Five subjects classified as other acyanotic heart disease were three cases of aortic stenosis, a case of dextrocardia and an infant with hypertrophy cardiomyopathy. Classification of other cyanotic heart disease included five cases of truncus arteriosus, two cases of tricuspid atresia and a case of hypoplastic left heart syndrome.
Subjects classified as complex heart lesion were those with two or more echocardiography of heart diseases. Complex acyanotic congenital heart disease was seen in 36 (15.7%) of subjects with acyanotic heart lesion. Out of subjects with complex acyanotic heart lesion, there were seven cases of ventricular septal defect and patent ductus arteriosus. Four subjects had atrial septal defect and ventricular septal defect. Other complex lesion seen were atrial septal defect with patent ductus arteriosus, atrioventricular canal defect with patent ductus arteriosus and three or more cardiac anomalies. Two cases of complex cyanotic heart diseases were combination of Tetralogy of Fallot and atrial septal defect and a case of truncus arteriosus and ventricular septal defect.

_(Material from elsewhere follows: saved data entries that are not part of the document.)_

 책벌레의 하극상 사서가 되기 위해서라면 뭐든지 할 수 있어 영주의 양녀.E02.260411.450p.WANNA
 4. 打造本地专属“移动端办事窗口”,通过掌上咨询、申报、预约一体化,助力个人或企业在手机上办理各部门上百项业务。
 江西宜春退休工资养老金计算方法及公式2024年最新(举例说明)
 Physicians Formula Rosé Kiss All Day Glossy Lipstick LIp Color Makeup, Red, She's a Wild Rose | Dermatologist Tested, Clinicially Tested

Figure 3 shows the duration of illness before presentation. Less than half of the subjects presented within 1 month after birth (46.6%). Up to 20% presented more than 1 year after the onset of illness.

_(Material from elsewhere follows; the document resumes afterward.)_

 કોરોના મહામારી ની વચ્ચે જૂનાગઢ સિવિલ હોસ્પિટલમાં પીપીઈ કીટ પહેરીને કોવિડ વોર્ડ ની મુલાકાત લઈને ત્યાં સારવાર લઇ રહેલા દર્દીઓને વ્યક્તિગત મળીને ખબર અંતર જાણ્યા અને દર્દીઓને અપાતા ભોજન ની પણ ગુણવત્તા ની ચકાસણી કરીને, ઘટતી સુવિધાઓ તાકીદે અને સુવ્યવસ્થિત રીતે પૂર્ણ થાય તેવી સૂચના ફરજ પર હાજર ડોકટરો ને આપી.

Table 2 shows the reclassification of subjects with acyanotic congenital heart disease according to age group. About one-third (33.3%) cases of ventricular septal defect were diagnosed in infancy. In all except pulmonary stenosis, more than half of the subjects had diagnosis of congenital heart disease after infancy. A high proportion of subjects (10–26%) except in cases with pulmonary stenosis had echocardiography diagnosis of acyanotic heart lesion after age of 124 months.
Table 2
Cardiac lesions | 0–12 months (%) | 13–59 months (%) | 60–124 months (%) | >124 months (%) | Total (100%) | Statistics |
---|---|---|---|---|---|---|
VSD | 25 (33.3) | 10 (13.3) | 22 (29.3) | 18 (24) | 75 | ᵡ2=28.55; P value =0.054 |
ASD | 19 (38) | 7 (14) | 11 (22) | 13 (26) | 50 | |
PDA | 5 (12.8) | 6 (16.7) | 20 (51.3) | 8 (20.5) | 39 | |
PS | 3 (75) | 1 (25) | 0 (0) | 0 (0%) | 4 | |
AVCD | 4 (20) | 7 (35) | 7 (35) | 2 (10) | 20 | |
Other ACHD | 1 (20) | 0 (0) | 3 (60) | 1 (20) | 5 | |
Complex ACHD | 15 (41.6) | 6 (16.6) | 10 (28.8) | 5 (13.9) | 36 |
VSD, ventricular septal defect; ASD, atrial septal defect; PDA, patent ductus arteriosus; PS, pulmonary stenosis; AVCD, atrioventricular canal defect; ACHD, acyanotic congenital heart disease.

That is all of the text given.